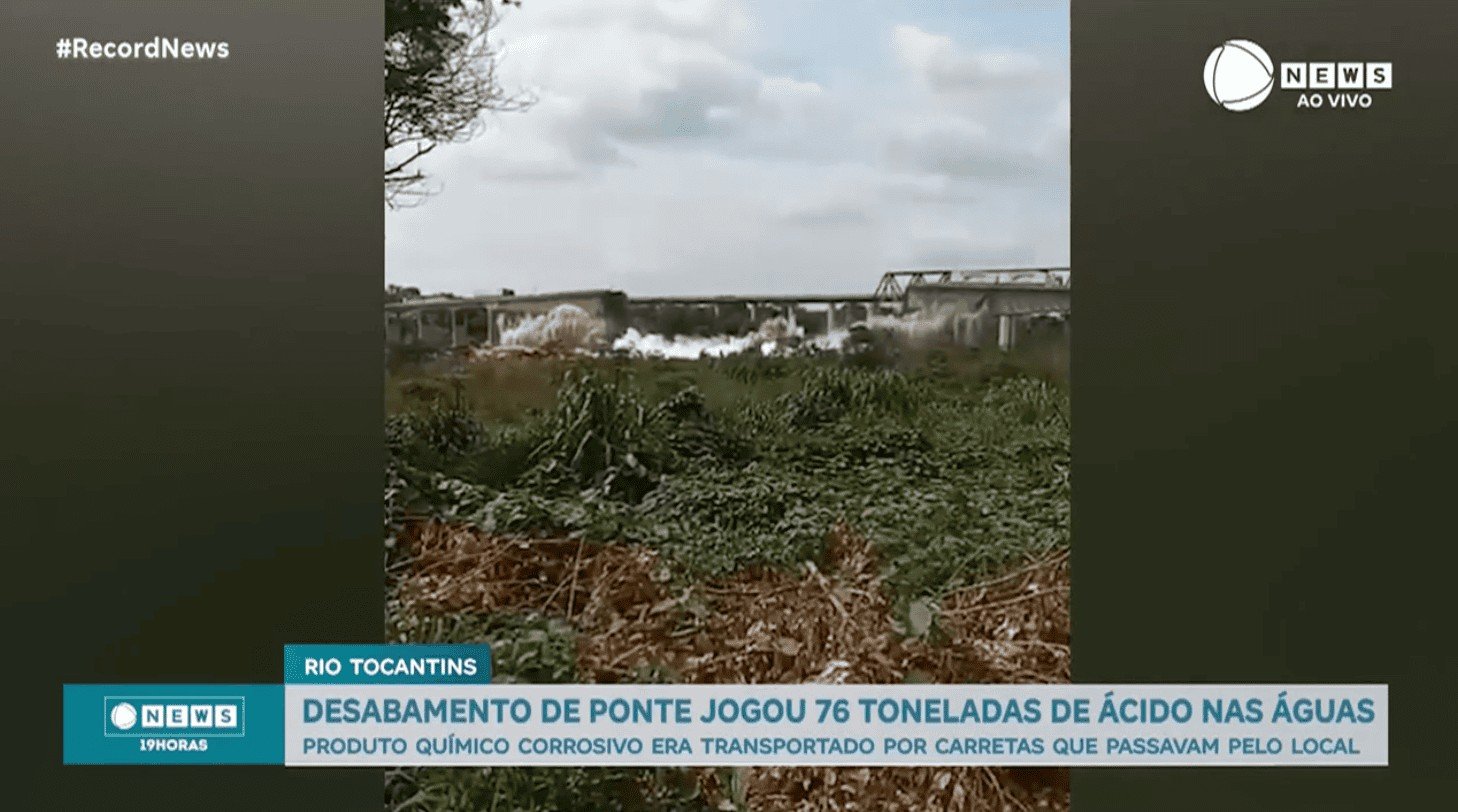 Dois caminhões que caíram nas águas do rio Tocantins após o desabamento da ponte, no domingo (22), estavam carregados com 76 toneladas de ácido sulfúrico e mais de 20 mil litros de herbicidas. Em entrevista ao News das 19h desta terça-feira (24), Viviane Brandão, superintendente da ANA (Agência Nacional de Águas), comenta que, “caso haja vazamento da carga, é discreto”. O monitoramento da água, feito com uma sonda multiparamétrica, não encontrou alterações no pH ou na temperatura. “O ácido é muito forte e teria que ter elevado pelo menos um dos parâmetros”, afirma.
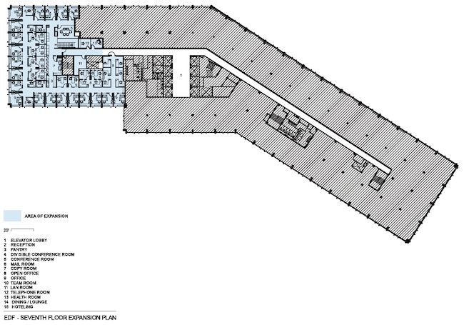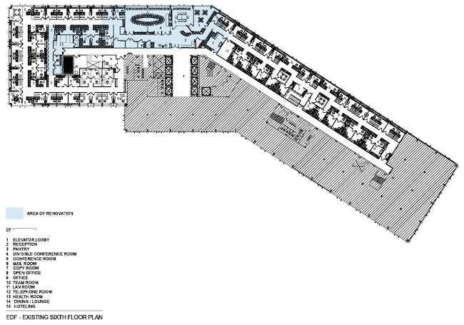 Over subsequent years, as EDF grew out of planned-for expansion space, it located additional staff in non-contiguous offices on other floors within the same building. So in 2010, when EDF decided it wanted to consolidate staff into one suite, it returned to Envision Design for design services.
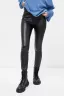 Брюки прилегающего силуэта из экокожи. Длинна классическая. Линия талии значительно завышенная. Вытачки на задней части формируют современный крой. На уровне колена – вертикальный шов. Пояс на жаккардовой эластичной резинке. Идеально впишутся в любой образ!
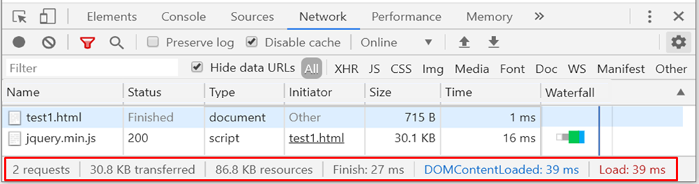 Google Chrome Networkタブの見方(フィルサイズ/表示時間)
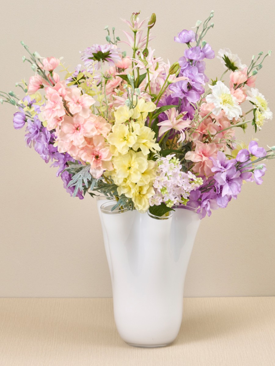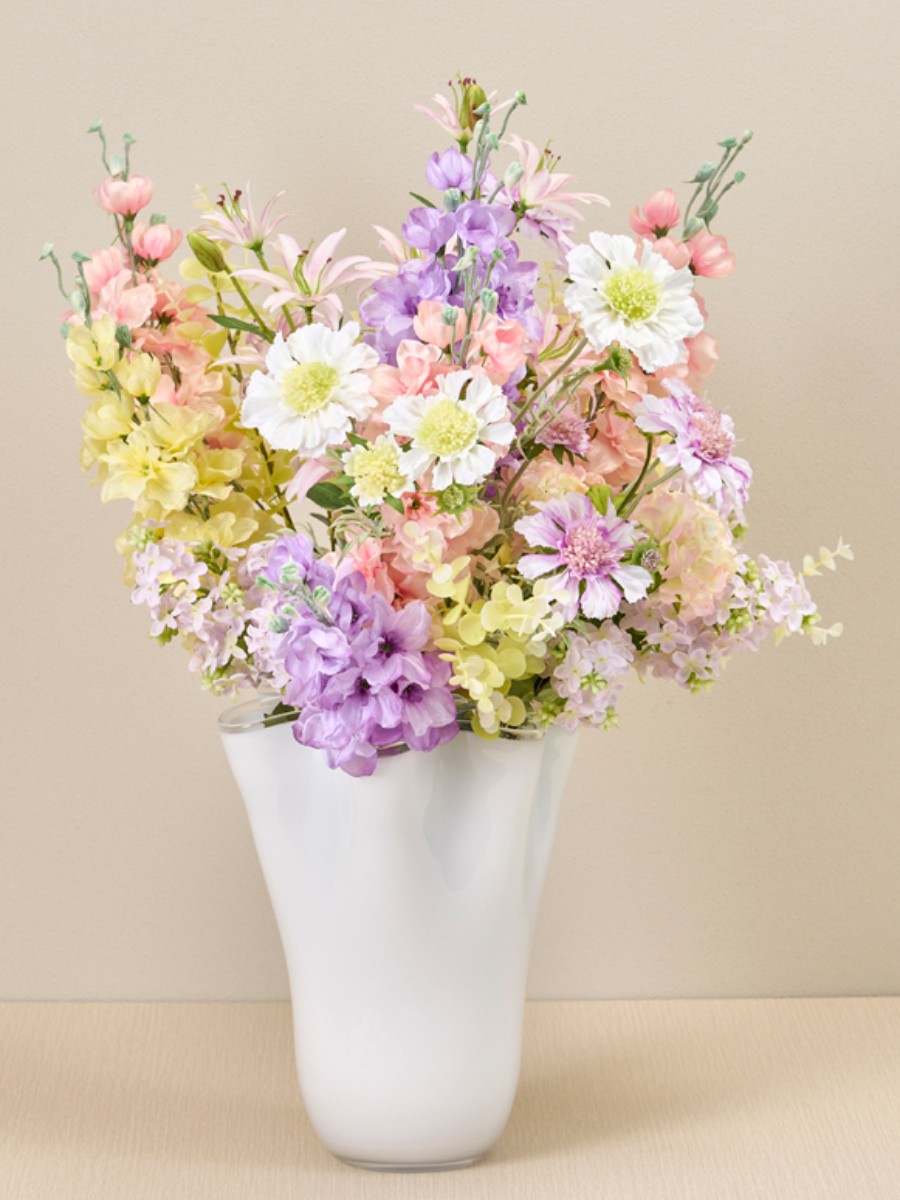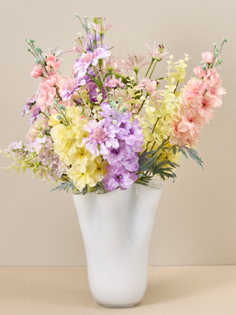 透明感のあるブルームデルフィニュームは色のトーンを合わせて色合わせをしています。ブーケ状に束ね、花器のシルエットに合わせ花を広げてふんわり仕上げるのがポイントです。
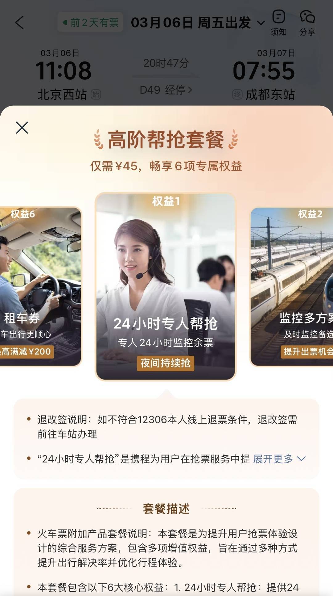 携程的“高阶帮抢套餐”仍以“24小时专人帮抢”为核心卖点。网络截图
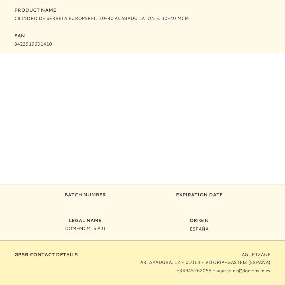 Cilindro serreta europerfil 30-40 acabamento latão e-30-40 mcm. o cilindro europerfil e contém uma vasta gama de tamanhos e formatos diferentes: meio cilindro, cilindro com botão, tanto curto como longo, cilindro para caixa de correio, cilindro para portas anti-pânico e modelo elétrico para elevadores e garagens. contém 3 chaves serreta
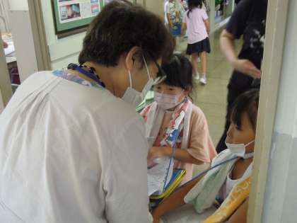 1年生は生活科で「もっとくわしくしりたいな」という学習をしています。最近は、職員室に来て「なぜ先生になったのか?」「いつもどんな仕事をしているのか?」など、積極的に教職員にインタビューをしています。
* * * *
## [AIM OF THE TASK]
Leave out the pictures, and extract exactly the lines from the one with "Over subsequent years, as" through the end of the records, both ends included.

## [SOLUTION TO THIS EXERCISE]
 Over subsequent years, as EDF grew out of planned-for expansion space, it located additional staff in non-contiguous offices on other floors within the same building. So in 2010, when EDF decided it wanted to consolidate staff into one suite, it returned to Envision Design for design services.
 Брюки прилегающего силуэта из экокожи. Длинна классическая. Линия талии значительно завышенная. Вытачки на задней части формируют современный крой. На уровне колена – вертикальный шов. Пояс на жаккардовой эластичной резинке. Идеально впишутся в любой образ!
 Google Chrome Networkタブの見方(フィルサイズ/表示時間)
 透明感のあるブルームデルフィニュームは色のトーンを合わせて色合わせをしています。ブーケ状に束ね、花器のシルエットに合わせ花を広げてふんわり仕上げるのがポイントです。
 携程的“高阶帮抢套餐”仍以“24小时专人帮抢”为核心卖点。网络截图
 Cilindro serreta europerfil 30-40 acabamento latão e-30-40 mcm. o cilindro europerfil e contém uma vasta gama de tamanhos e formatos diferentes: meio cilindro, cilindro com botão, tanto curto como longo, cilindro para caixa de correio, cilindro para portas anti-pânico e modelo elétrico para elevadores e garagens. contém 3 chaves serreta
 1年生は生活科で「もっとくわしくしりたいな」という学習をしています。最近は、職員室に来て「なぜ先生になったのか?」「いつもどんな仕事をしているのか?」など、積極的に教職員にインタビューをしています。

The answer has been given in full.